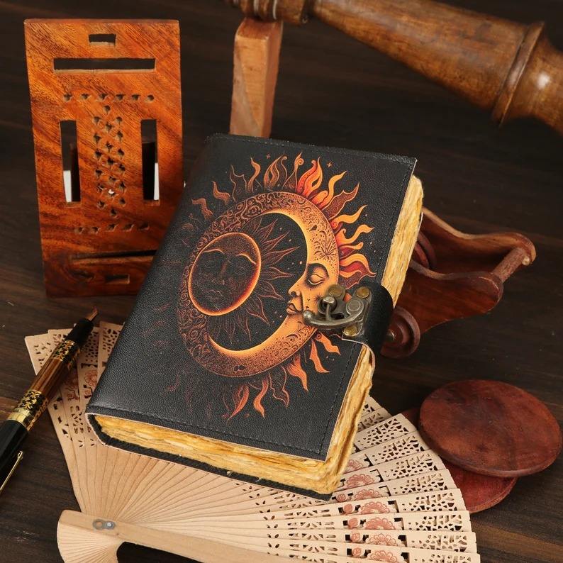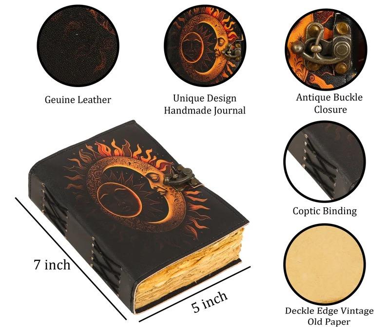 Personalized Sun & Moon Print leather journal, Moon journal, Blank spell book, Grimoire journal, Birthday gift, Halloween Gift
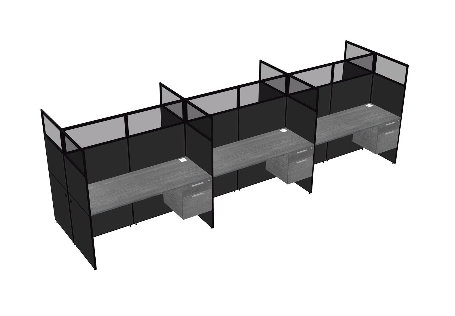 Grey Shared Rectangular Office Cubicle Panel System With Hanging Drawers For 6 Persons
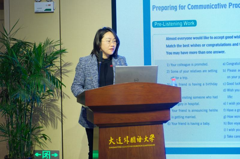 王丹副教授聚焦内容语言融合理念下《英语语音》课程的课程建设,从语音教学的现实挑战、教材改革、教学改革及效果等方面分享了大连外国语大学语音教学以及《新英语语音教程——正音与品韵》(高等教育出版社)教材开发的经验。
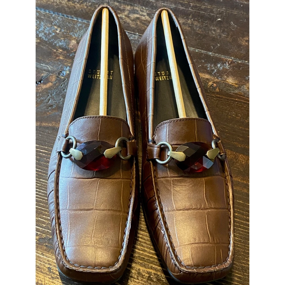 Stuart Weitzman HARDROCK Brown Giant Croco Loafer Decorative Gemstone Vamp Size 9 New in Box Made in Spain Length dimensions are in the photos Heel 1"
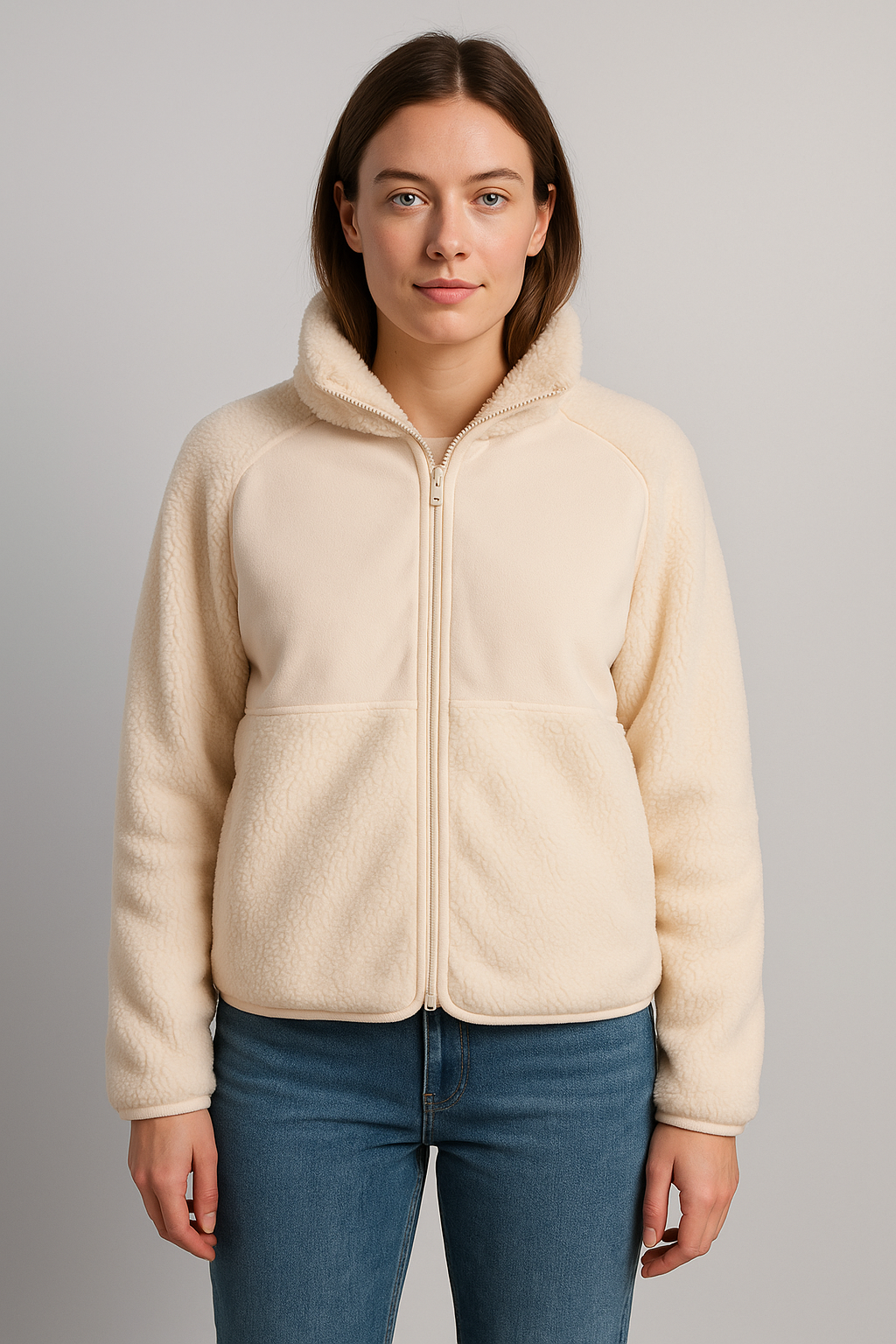 جاكيت عملي بتصميم بسيط ومريح، مناسب للأيام الباردة أو الطقس المعتدل. القماش ناعم ومحبوك بخامة بوليستر 100٪ بتدي إحساس بالدفء من غير ما تكون تقيلة. السحاب الأمامي بيسهّل اللبس والخلع، والقصة الفضفاضة بتخليه مريح جدًا في الحركة. اللون البيج الهادئ بيخليه سهل التنسيق مع أي طقم تاني في خروجاتك اليومية أو المشاوير السريعة.
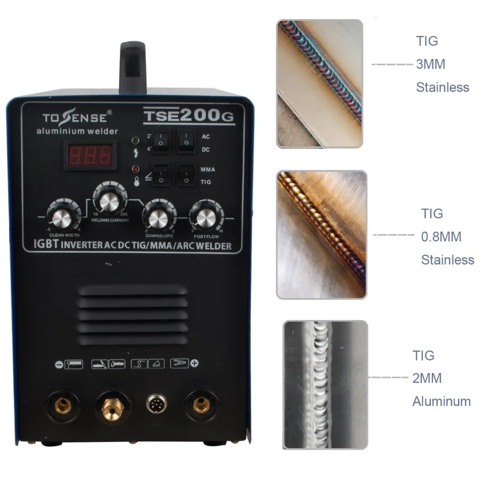 .Images of Aluminum Welder 220V TIG MMA ARC Stick 200A Tosense Welder AC DC IGBT Inverter Welding Machine With Welding Consumables TSE200G
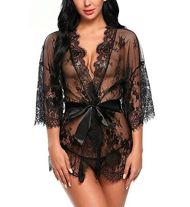 Халат, Полиэстер, С кружевом, 3XL
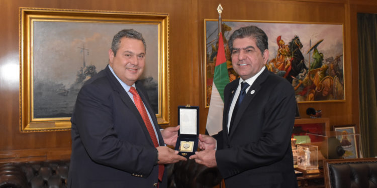 Ο ΥΕΘΑ Πάνος Καμμένος συναντήθηκε με το νέο πρέσβη των Ηνωμένων Αραβικών Εμιράτων Mohamed Meer Abdalla Yousif Alraeesi στο Υπουργείο Εθνικής Άμυνας και συζήτησαν μια σειρά θεμάτων αμοιβαίου ενδιαφέροντος, αλλά και τρόπους με τους οποίους η ήδη υπάρχουσα σχέση αμυντικής συνεργασίας μπορεί να βελτιωθεί περεταίρω στο μέλλον.
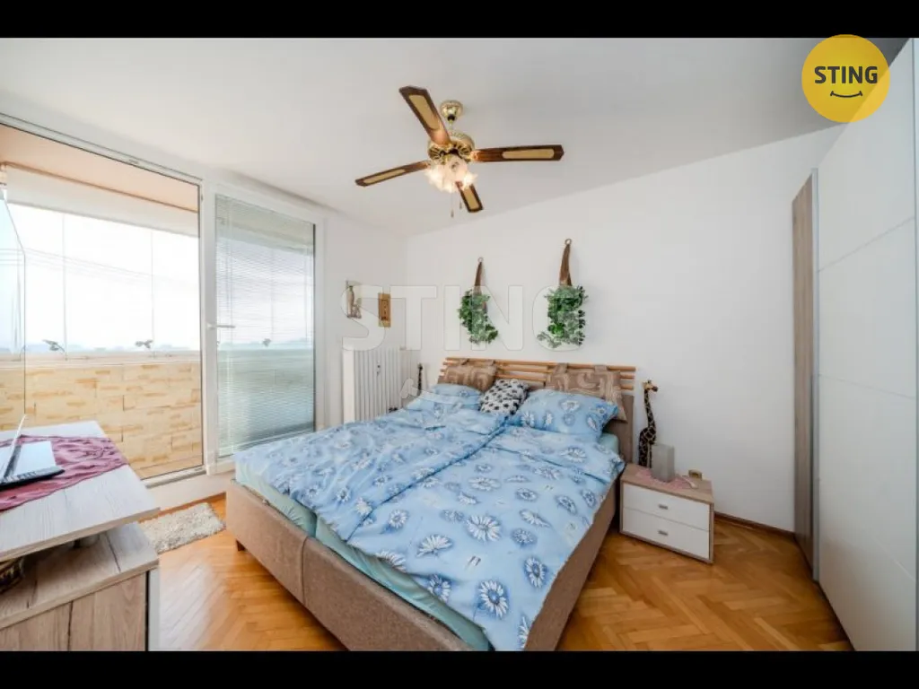 Dominantou bytu je zasklená lodžie, která nabízí krásný výhled a zároveň příjemné místo k posezení během celého roku.
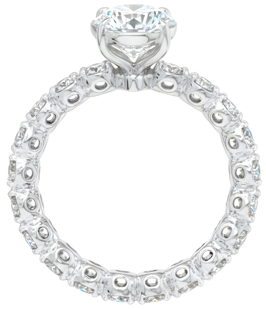 من الناحية التقنية، صُنع الخاتم من ذهب أبيض عيار 18 قيراط مع تشطيب بالروديوم، ما يمنحه بريقاً ناصعاً ومقاومة إضافية. اعتمد التصميم على هندسة Comfort Fit حقيقية، حيث جرى تدوير وتنعيم الداخل بالكامل ليبدو الخاتم كأنه قطعة واحدة متصلة، كأنه صُهر من كتلة ذهب واحدة دون فواصل.
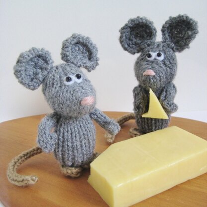 These cheeky little Dinky Mice are having some cheese for lunch. You could make your mice as toys, add to key chains, or even hang from your Christmas tree. You only require a small amount of yarn to knit each mouse, so this is a super pattern for using up ends of skeins/balls to avoid waste. Most pieces are worked flat (back and forth) on a pair of straight single pointed knitting needles, not in the round. The arms, feet and tail are i-cord worked on two DPNs. Designed by Amanda Berry @fluffandfuzz, these mice are knitted in acrylic DK yarns. For confident beginners and above, other techniques used include casting on and off, knits, purls, increases and decreases, and seaming to finish.

TASK INSTRUCTIONS » Find the line with "王丹副教授聚焦内容语言融合理" in the entries above. Set down exactly every line from it up to and including the line with "Stuart Weitzman HARDROCK", images excluded.

EXERCISE OUTPUT »
 王丹副教授聚焦内容语言融合理念下《英语语音》课程的课程建设,从语音教学的现实挑战、教材改革、教学改革及效果等方面分享了大连外国语大学语音教学以及《新英语语音教程——正音与品韵》(高等教育出版社)教材开发的经验。
 Stuart Weitzman HARDROCK Brown Giant Croco Loafer Decorative Gemstone Vamp Size 9 New in Box Made in Spain Length dimensions are in the photos Heel 1"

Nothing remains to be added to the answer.